Exercise details: Pictures should be excluded; otherwise, copy every entry exactly.

Stored dataset items

──────

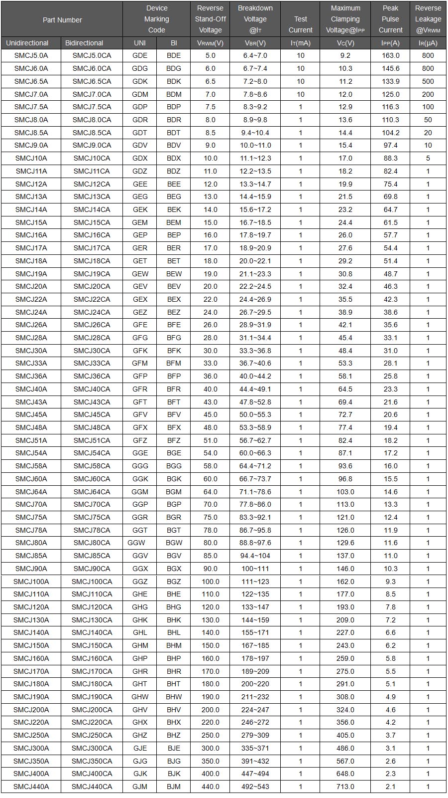 Reverse Stand-Off Voltage: 5.0 - 440V
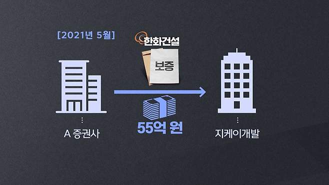 2021년 5월 작성된 대출약정서는 모 증권사가 세운 페이퍼컴퍼니가 지케이개발에 55억 원 대출을 내주는 과정에서 한화건설이 이 돈을 전부 보증 서준다는 내용입니다.
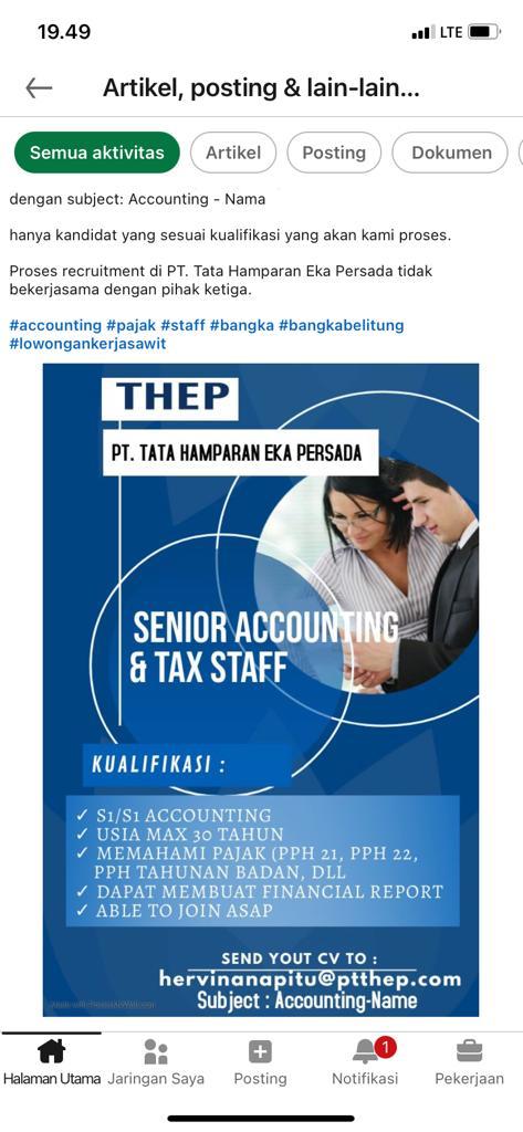 Staff Accounting @PT.THEP-Bangka Belitung
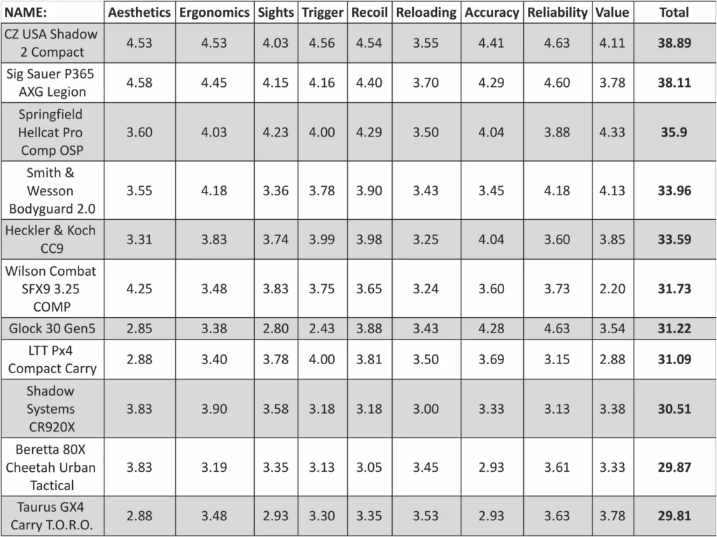 All 11 pistols for the Compacts category were evaluated on nine different criteria such as Aesthetics, Ergonomics, Sights, Trigger Control, Recoil Control, etc. Each pistol was given a rating from 1 to 5 for each criterion. We used one-tenth increments such as “4.6” to try and avoid any ties. A rating of “3” is basically the starting point. It’s neither bad nor particularly good. It means the pistol got an average rating for the specific criteria or that the evaluator feels the user is basically getting what they paid for and what you would normally expect at that price point.
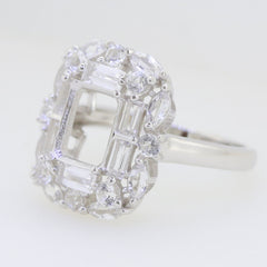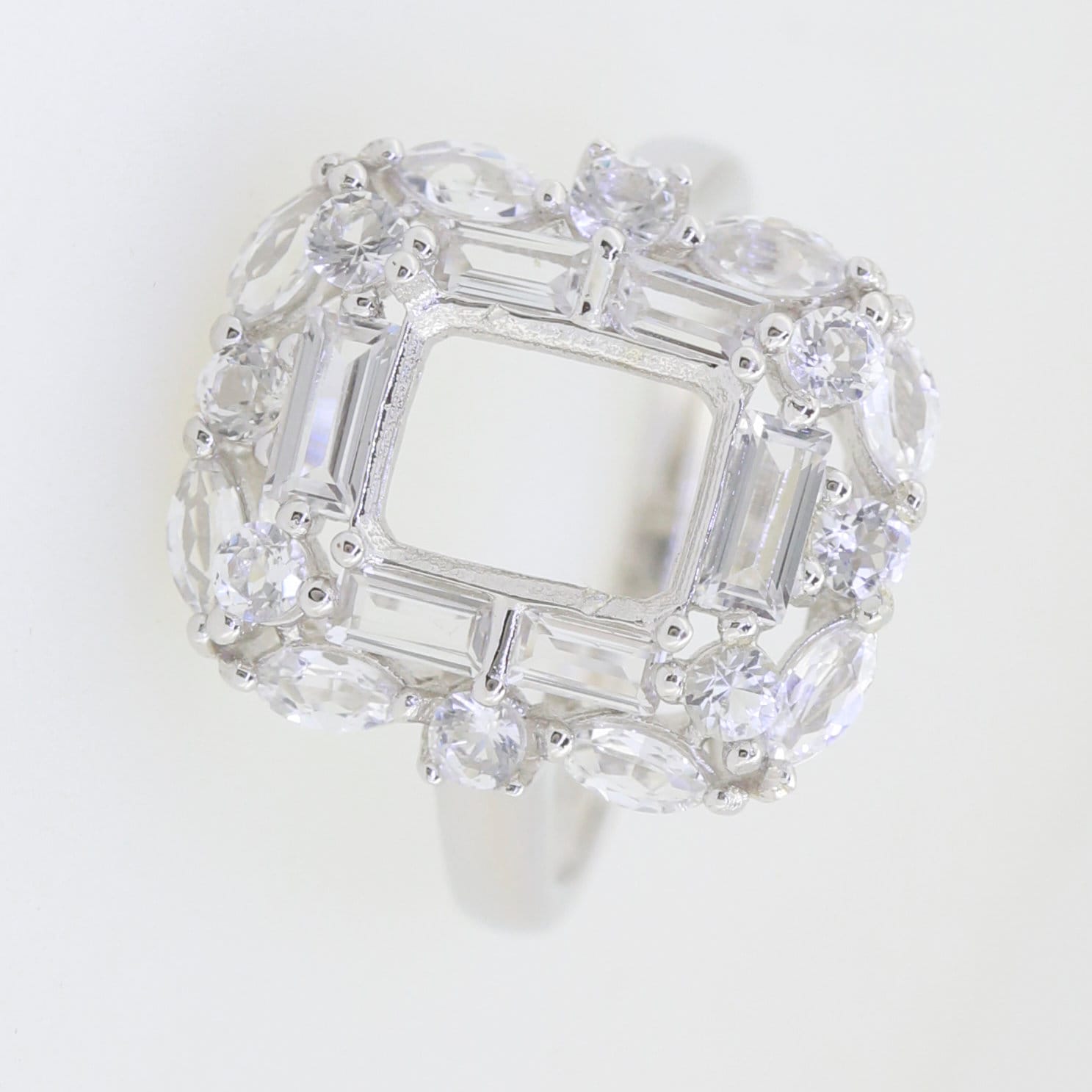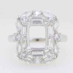 Sterling silver semi mount ring setting with emerald, baguette, and marquise double halo design.

──────

Exercise response:
 Reverse Stand-Off Voltage: 5.0 - 440V
 2021년 5월 작성된 대출약정서는 모 증권사가 세운 페이퍼컴퍼니가 지케이개발에 55억 원 대출을 내주는 과정에서 한화건설이 이 돈을 전부 보증 서준다는 내용입니다.
 Staff Accounting @PT.THEP-Bangka Belitung
 All 11 pistols for the Compacts category were evaluated on nine different criteria such as Aesthetics, Ergonomics, Sights, Trigger Control, Recoil Control, etc. Each pistol was given a rating from 1 to 5 for each criterion. We used one-tenth increments such as “4.6” to try and avoid any ties. A rating of “3” is basically the starting point. It’s neither bad nor particularly good. It means the pistol got an average rating for the specific criteria or that the evaluator feels the user is basically getting what they paid for and what you would normally expect at that price point.
 Sterling silver semi mount ring setting with emerald, baguette, and marquise double halo design.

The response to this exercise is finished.